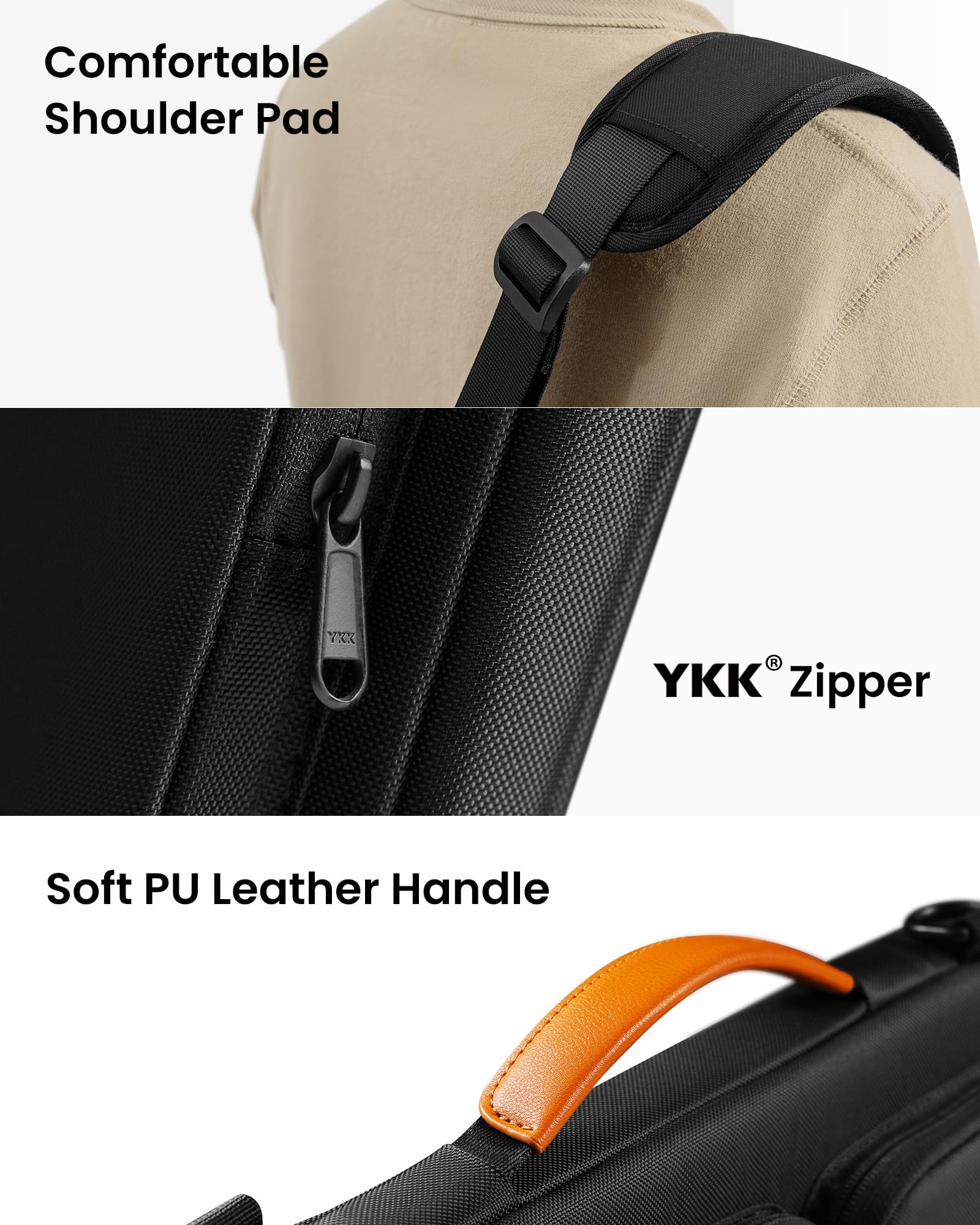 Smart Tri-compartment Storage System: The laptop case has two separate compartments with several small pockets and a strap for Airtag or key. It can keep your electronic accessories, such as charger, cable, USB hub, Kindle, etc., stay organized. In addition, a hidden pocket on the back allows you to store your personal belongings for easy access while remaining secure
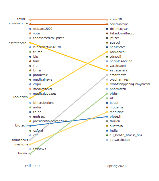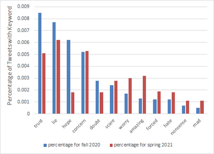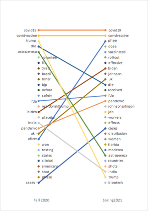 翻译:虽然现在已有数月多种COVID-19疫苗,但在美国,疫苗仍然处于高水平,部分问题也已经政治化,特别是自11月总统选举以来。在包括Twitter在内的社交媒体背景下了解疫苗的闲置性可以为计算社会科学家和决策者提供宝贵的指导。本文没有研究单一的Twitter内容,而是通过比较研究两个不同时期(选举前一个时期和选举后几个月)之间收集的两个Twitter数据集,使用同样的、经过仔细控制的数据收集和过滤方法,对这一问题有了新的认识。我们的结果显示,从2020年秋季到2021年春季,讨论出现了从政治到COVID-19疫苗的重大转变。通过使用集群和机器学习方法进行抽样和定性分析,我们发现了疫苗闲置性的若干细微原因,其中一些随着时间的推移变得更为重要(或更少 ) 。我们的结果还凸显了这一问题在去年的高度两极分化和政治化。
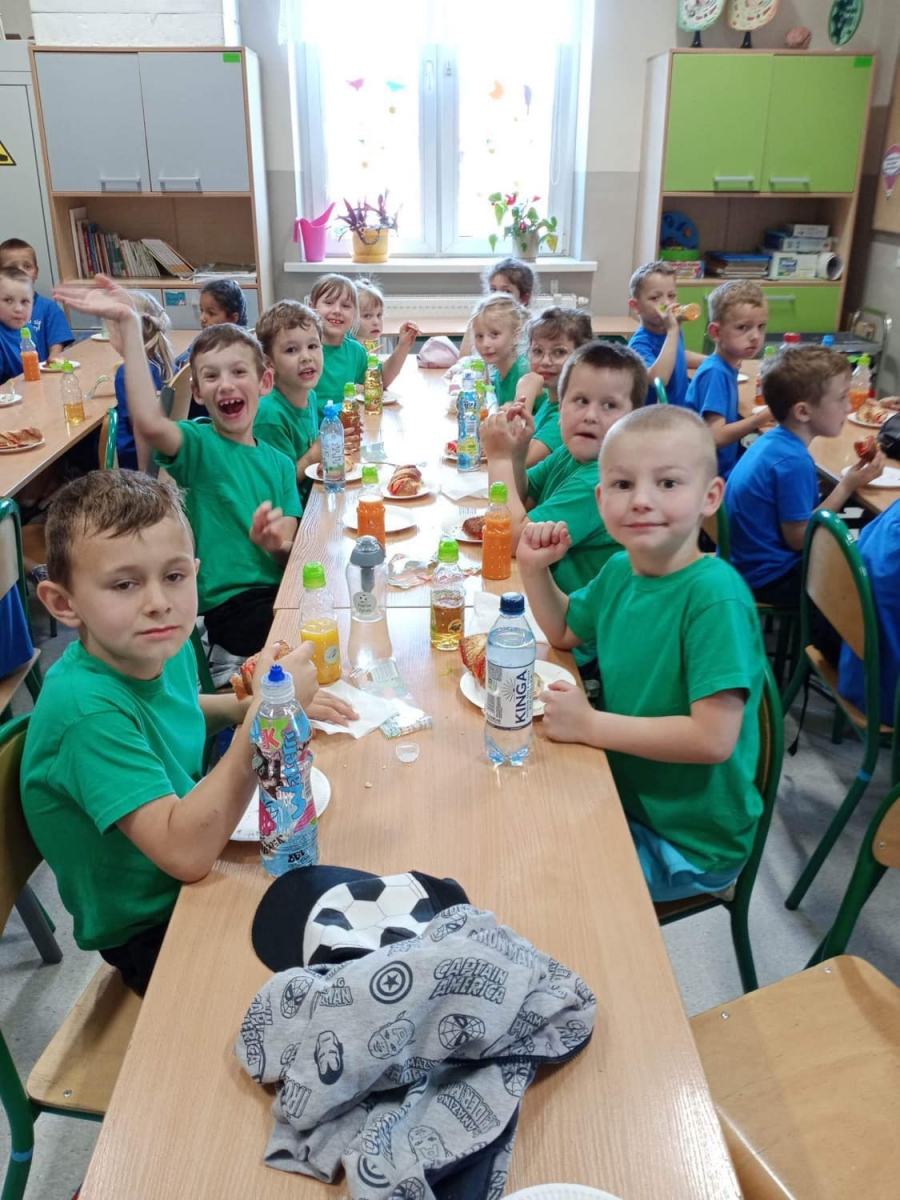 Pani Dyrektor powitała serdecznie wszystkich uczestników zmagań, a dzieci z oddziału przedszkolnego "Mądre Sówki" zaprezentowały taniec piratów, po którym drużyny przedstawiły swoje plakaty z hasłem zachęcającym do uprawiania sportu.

YOUR TASK
Output the full listing verbatim; pictures stay out.

SOLVED EXERCISE
 Smart Tri-compartment Storage System: The laptop case has two separate compartments with several small pockets and a strap for Airtag or key. It can keep your electronic accessories, such as charger, cable, USB hub, Kindle, etc., stay organized. In addition, a hidden pocket on the back allows you to store your personal belongings for easy access while remaining secure
 翻译:虽然现在已有数月多种COVID-19疫苗,但在美国,疫苗仍然处于高水平,部分问题也已经政治化,特别是自11月总统选举以来。在包括Twitter在内的社交媒体背景下了解疫苗的闲置性可以为计算社会科学家和决策者提供宝贵的指导。本文没有研究单一的Twitter内容,而是通过比较研究两个不同时期(选举前一个时期和选举后几个月)之间收集的两个Twitter数据集,使用同样的、经过仔细控制的数据收集和过滤方法,对这一问题有了新的认识。我们的结果显示,从2020年秋季到2021年春季,讨论出现了从政治到COVID-19疫苗的重大转变。通过使用集群和机器学习方法进行抽样和定性分析,我们发现了疫苗闲置性的若干细微原因,其中一些随着时间的推移变得更为重要(或更少 ) 。我们的结果还凸显了这一问题在去年的高度两极分化和政治化。
 Pani Dyrektor powitała serdecznie wszystkich uczestników zmagań, a dzieci z oddziału przedszkolnego "Mądre Sówki" zaprezentowały taniec piratów, po którym drużyny przedstawiły swoje plakaty z hasłem zachęcającym do uprawiania sportu.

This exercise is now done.